Stress and anxiety are major triggers for palm sweating, which creates an unfortunate cycle: you worry about sweaty hands, which makes your hands sweat more. Techniques that lower your baseline stress level, whether that’s regular exercise, deep breathing, or other approaches, can reduce how often your sympathetic nervous system kicks your sweat glands into high gear.
Choosing the Right Approach
Most dermatologists recommend starting with the least invasive option and working up. A clinical-strength antiperspirant is the simplest first step. If that falls short, iontophoresis offers the best combination of effectiveness and safety for palms specifically, with over 90% response rates and no systemic side effects.

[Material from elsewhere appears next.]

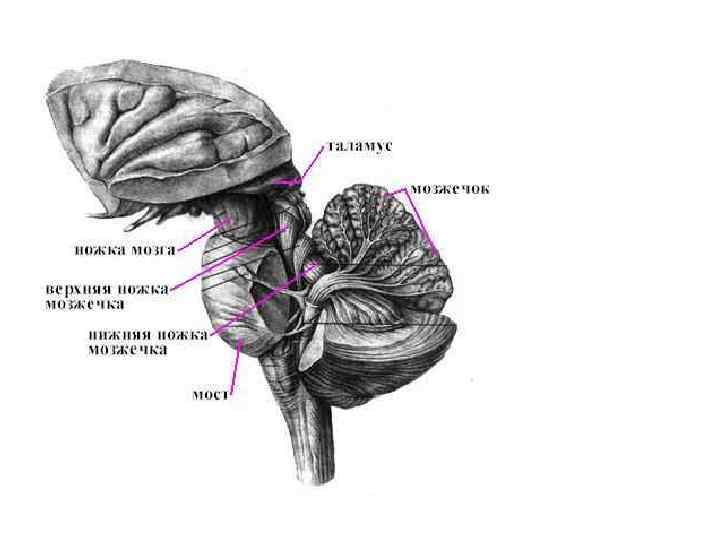 верхняя ножка нижняя ножка 1 — верхняя ножка средняя ножка мозжечка; 2 — средняя ножка мозжечка; 3 — лист (долька мозжечка); 4 — левое полушарие мозжечка; 5 — спинной мозг; 6 — продолговатый мозг; 7 — нижняя ножка мозжечка; 8 — мост; 9 — средний мозг С помощью 3 пар ножек (нижних, средних и верхних) мозжечок связан со стволом мозга. Нижние ножки соединяет мозжечок с продолговатым, средние – с мостом, а верхние со средним и промежуточным мозгом.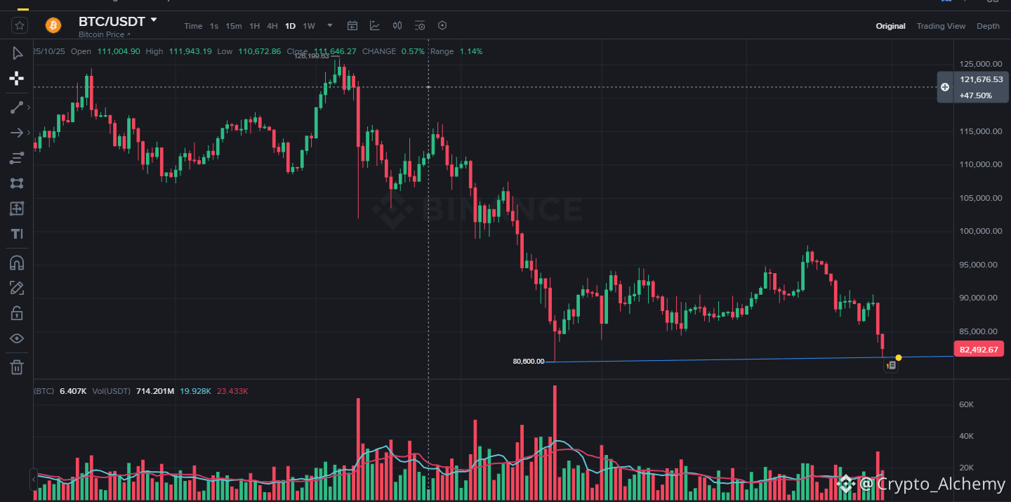 On the weekly, Bitcoin is sitting right in a key demand zone, and it's also testing a major support level from back on November 2nd, around $80,600.

Oral medications are a good option if you sweat in multiple areas or if iontophoresis isn’t practical for your schedule. Botox injections fill the gap between medications and surgery. Surgery is a last resort, effective but with permanent trade-offs that need to be weighed carefully.
The right treatment depends on how much your sweating affects your daily life, your tolerance for side effects, and how much time you’re willing to invest in ongoing maintenance. Many people combine approaches, using a topical antiperspirant daily while doing iontophoresis sessions a few times a week, and find that the combination works better than either alone.